Scan the entries below for the string "sowie" and copy every line where it turns up.

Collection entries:
----------
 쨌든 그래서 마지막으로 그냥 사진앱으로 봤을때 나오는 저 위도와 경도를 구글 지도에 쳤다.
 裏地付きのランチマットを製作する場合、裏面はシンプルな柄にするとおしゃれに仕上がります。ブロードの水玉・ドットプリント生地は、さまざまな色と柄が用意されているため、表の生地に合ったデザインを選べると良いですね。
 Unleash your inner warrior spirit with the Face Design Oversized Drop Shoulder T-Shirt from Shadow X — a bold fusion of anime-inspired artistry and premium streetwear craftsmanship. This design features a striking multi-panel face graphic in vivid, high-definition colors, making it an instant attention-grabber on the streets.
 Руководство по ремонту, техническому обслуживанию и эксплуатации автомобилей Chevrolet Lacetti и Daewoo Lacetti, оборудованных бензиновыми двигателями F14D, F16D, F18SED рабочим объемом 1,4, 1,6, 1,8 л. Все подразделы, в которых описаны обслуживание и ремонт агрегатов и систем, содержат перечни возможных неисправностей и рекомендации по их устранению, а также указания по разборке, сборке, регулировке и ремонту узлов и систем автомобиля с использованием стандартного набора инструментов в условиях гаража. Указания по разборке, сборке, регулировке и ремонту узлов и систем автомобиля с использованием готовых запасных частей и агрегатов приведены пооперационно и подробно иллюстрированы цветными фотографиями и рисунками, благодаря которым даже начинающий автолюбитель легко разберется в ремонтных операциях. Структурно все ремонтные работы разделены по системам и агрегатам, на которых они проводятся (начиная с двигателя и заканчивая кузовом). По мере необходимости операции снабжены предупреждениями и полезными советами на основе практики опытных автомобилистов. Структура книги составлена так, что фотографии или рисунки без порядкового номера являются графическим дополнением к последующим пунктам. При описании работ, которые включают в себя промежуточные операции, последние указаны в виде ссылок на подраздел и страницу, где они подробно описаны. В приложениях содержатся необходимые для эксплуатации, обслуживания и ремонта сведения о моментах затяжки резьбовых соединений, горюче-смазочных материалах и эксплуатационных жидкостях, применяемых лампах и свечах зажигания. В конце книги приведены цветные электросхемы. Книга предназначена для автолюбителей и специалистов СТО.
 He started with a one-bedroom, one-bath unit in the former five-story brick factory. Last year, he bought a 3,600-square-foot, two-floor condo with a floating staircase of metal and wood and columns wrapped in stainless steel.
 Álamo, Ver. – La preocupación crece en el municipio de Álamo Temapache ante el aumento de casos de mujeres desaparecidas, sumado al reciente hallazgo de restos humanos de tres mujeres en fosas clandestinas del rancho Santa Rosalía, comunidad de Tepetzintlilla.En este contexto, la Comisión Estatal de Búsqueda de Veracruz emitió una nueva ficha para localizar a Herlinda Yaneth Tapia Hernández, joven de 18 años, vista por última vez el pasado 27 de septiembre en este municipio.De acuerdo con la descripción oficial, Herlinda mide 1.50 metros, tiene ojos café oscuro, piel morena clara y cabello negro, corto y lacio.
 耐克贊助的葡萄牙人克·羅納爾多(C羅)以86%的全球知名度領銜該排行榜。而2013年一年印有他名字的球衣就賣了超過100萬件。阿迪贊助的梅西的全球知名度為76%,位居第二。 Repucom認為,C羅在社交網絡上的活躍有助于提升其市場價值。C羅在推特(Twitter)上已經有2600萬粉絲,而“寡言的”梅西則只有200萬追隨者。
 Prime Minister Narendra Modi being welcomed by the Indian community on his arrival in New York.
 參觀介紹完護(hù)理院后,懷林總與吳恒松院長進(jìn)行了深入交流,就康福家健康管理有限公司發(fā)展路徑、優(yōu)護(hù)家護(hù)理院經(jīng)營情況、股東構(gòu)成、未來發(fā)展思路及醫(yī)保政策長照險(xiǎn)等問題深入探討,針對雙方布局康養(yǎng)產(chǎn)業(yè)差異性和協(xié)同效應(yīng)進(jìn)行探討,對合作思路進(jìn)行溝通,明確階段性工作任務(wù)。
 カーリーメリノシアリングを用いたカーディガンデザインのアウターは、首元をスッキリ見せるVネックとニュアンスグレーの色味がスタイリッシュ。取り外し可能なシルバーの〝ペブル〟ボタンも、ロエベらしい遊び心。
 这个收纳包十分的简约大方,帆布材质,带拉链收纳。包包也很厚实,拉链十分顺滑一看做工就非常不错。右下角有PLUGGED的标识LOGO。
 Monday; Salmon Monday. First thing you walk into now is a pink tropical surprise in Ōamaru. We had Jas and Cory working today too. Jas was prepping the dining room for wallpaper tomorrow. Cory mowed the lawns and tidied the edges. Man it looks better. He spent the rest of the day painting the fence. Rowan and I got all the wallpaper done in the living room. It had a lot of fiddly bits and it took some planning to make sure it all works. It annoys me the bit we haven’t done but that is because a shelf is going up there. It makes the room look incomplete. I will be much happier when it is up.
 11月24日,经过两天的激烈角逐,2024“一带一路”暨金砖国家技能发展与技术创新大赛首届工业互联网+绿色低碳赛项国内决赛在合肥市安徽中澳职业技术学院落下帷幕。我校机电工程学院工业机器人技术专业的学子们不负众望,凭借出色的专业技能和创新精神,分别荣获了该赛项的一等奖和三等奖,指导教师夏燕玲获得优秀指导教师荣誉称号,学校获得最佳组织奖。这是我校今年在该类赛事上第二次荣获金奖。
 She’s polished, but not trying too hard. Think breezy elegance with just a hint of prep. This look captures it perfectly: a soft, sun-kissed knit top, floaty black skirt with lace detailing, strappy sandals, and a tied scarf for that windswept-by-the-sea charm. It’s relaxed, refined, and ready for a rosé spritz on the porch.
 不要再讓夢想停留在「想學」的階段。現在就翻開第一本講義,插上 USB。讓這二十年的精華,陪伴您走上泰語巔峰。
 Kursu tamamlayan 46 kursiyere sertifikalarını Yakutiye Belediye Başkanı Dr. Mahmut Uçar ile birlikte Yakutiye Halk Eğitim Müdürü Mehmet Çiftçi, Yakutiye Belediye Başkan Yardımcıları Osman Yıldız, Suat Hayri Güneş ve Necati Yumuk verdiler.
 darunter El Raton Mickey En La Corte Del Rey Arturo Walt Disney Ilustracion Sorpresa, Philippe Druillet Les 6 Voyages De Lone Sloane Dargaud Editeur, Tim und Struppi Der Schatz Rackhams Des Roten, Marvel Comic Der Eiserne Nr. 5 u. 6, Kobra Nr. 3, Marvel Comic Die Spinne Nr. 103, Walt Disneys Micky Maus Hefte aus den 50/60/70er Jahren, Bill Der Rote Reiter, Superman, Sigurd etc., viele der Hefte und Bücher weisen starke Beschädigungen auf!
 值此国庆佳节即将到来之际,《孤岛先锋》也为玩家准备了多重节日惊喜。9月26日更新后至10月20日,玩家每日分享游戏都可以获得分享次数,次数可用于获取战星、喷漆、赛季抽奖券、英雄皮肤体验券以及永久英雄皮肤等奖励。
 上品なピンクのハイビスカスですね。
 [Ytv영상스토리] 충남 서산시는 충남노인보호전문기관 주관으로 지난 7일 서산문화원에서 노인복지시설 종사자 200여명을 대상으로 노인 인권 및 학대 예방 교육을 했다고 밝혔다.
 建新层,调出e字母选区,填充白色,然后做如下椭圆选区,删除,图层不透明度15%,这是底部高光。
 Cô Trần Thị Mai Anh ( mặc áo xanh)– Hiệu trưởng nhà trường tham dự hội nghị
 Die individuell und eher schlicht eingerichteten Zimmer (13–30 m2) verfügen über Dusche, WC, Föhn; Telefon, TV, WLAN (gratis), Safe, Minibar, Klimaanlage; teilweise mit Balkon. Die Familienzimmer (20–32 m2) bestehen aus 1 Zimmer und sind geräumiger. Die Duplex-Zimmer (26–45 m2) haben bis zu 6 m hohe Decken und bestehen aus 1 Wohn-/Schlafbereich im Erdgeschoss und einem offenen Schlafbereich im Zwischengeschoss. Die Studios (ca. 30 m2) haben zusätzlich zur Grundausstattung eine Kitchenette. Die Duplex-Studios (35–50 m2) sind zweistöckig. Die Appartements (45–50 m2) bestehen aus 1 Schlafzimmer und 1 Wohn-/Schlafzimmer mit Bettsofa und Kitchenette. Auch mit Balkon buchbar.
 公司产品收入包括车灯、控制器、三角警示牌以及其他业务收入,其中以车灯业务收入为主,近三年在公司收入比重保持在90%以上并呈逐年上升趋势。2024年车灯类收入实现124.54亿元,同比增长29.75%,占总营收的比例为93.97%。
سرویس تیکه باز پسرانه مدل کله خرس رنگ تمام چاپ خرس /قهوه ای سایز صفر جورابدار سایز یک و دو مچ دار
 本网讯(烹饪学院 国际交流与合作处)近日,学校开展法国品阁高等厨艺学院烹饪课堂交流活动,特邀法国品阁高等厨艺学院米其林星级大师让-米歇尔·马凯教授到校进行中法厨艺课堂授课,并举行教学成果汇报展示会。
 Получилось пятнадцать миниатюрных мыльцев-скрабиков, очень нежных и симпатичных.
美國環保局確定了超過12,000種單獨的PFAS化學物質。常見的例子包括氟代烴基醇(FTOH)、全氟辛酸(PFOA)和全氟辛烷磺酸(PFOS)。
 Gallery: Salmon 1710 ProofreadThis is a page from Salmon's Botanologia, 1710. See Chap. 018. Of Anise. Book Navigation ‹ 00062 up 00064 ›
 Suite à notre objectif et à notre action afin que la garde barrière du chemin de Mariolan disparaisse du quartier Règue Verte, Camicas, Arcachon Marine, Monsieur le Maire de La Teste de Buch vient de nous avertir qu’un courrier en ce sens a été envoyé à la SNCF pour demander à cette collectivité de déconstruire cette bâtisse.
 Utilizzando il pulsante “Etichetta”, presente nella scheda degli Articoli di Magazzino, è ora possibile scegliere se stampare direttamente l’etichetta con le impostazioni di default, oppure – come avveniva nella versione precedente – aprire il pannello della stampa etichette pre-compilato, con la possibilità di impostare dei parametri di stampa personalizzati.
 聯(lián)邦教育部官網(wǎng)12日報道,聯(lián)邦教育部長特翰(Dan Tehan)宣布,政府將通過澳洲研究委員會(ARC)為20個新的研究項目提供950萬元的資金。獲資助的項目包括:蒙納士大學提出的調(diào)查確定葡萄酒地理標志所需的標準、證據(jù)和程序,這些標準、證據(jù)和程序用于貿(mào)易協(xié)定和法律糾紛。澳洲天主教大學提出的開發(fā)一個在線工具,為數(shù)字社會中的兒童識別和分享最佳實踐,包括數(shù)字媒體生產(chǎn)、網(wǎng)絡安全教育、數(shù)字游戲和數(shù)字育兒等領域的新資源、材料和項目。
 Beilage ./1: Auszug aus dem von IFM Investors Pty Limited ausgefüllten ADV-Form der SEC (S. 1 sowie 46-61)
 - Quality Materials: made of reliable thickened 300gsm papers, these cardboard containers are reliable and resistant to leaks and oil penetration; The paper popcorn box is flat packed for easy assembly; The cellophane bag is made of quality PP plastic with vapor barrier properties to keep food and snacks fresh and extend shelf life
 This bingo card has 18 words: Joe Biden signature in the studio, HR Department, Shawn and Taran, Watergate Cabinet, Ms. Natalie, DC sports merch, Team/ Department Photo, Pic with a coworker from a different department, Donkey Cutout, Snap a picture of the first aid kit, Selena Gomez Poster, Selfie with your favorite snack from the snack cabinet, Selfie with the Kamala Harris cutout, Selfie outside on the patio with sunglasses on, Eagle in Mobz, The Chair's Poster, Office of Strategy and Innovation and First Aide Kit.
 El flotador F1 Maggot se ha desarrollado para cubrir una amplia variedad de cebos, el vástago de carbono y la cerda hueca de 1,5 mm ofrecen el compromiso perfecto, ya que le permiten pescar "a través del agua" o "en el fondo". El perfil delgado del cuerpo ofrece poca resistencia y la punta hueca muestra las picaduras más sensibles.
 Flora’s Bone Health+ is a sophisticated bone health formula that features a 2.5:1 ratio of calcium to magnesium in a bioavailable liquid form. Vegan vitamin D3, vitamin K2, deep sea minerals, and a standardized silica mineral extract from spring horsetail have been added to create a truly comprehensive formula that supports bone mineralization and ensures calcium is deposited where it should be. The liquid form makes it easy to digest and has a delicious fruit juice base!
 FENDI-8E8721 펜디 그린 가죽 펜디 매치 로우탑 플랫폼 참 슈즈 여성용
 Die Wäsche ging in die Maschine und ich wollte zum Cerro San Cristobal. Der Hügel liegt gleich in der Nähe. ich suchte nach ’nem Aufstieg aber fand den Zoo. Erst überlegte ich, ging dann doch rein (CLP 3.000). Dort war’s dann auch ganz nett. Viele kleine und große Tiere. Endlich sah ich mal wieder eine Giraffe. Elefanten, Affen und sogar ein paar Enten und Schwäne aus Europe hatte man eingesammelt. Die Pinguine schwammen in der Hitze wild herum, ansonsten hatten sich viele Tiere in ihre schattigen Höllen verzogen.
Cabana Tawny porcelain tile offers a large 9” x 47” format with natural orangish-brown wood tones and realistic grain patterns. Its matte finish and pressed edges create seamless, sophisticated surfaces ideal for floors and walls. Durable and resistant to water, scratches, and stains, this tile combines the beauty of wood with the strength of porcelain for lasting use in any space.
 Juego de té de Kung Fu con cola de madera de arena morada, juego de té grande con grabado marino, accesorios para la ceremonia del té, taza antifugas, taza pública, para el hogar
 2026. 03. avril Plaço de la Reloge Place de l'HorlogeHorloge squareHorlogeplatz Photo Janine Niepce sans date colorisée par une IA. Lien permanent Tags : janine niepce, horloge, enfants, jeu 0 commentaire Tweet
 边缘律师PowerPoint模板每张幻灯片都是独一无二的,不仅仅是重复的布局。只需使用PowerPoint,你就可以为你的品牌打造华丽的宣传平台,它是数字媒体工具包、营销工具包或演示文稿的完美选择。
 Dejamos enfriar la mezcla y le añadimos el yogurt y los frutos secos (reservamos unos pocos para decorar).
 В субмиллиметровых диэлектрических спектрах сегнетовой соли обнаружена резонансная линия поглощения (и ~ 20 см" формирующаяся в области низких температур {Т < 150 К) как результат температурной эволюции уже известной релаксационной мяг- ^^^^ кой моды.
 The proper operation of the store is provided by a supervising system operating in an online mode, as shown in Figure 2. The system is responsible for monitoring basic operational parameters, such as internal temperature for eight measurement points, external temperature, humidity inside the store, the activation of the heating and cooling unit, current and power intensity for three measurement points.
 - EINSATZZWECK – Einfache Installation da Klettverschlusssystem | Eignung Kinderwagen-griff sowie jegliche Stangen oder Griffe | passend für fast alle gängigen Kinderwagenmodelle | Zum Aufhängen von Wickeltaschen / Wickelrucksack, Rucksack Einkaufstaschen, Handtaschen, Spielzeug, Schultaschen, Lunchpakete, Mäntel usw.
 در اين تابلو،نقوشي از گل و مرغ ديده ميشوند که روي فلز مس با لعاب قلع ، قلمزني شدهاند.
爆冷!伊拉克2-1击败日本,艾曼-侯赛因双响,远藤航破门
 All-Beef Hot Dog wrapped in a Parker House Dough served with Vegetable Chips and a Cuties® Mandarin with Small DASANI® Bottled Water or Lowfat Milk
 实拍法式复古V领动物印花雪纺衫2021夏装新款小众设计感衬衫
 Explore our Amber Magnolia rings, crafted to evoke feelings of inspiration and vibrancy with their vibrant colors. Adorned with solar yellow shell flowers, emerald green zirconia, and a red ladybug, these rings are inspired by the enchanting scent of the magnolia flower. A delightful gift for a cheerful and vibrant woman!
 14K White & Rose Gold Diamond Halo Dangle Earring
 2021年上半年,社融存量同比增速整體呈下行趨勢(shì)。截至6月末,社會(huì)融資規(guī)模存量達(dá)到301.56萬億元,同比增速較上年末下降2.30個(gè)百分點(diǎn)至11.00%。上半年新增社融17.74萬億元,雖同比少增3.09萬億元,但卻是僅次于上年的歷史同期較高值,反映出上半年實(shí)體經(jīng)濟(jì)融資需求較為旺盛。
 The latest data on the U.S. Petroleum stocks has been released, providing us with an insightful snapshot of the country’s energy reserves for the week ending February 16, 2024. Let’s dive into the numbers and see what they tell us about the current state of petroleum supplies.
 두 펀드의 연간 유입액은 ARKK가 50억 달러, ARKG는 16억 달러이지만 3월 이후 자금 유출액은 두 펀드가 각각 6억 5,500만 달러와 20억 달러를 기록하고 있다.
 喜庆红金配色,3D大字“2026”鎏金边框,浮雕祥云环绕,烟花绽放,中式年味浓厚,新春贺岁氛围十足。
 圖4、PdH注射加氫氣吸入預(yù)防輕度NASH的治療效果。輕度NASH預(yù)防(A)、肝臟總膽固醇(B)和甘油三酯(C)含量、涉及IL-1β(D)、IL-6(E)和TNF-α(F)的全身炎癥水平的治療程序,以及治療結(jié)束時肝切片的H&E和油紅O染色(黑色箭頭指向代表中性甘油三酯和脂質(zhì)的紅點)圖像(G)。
----------
• Worked solution:
 Beilage ./1: Auszug aus dem von IFM Investors Pty Limited ausgefüllten ADV-Form der SEC (S. 1 sowie 46-61)
 - EINSATZZWECK – Einfache Installation da Klettverschlusssystem | Eignung Kinderwagen-griff sowie jegliche Stangen oder Griffe | passend für fast alle gängigen Kinderwagenmodelle | Zum Aufhängen von Wickeltaschen / Wickelrucksack, Rucksack Einkaufstaschen, Handtaschen, Spielzeug, Schultaschen, Lunchpakete, Mäntel usw.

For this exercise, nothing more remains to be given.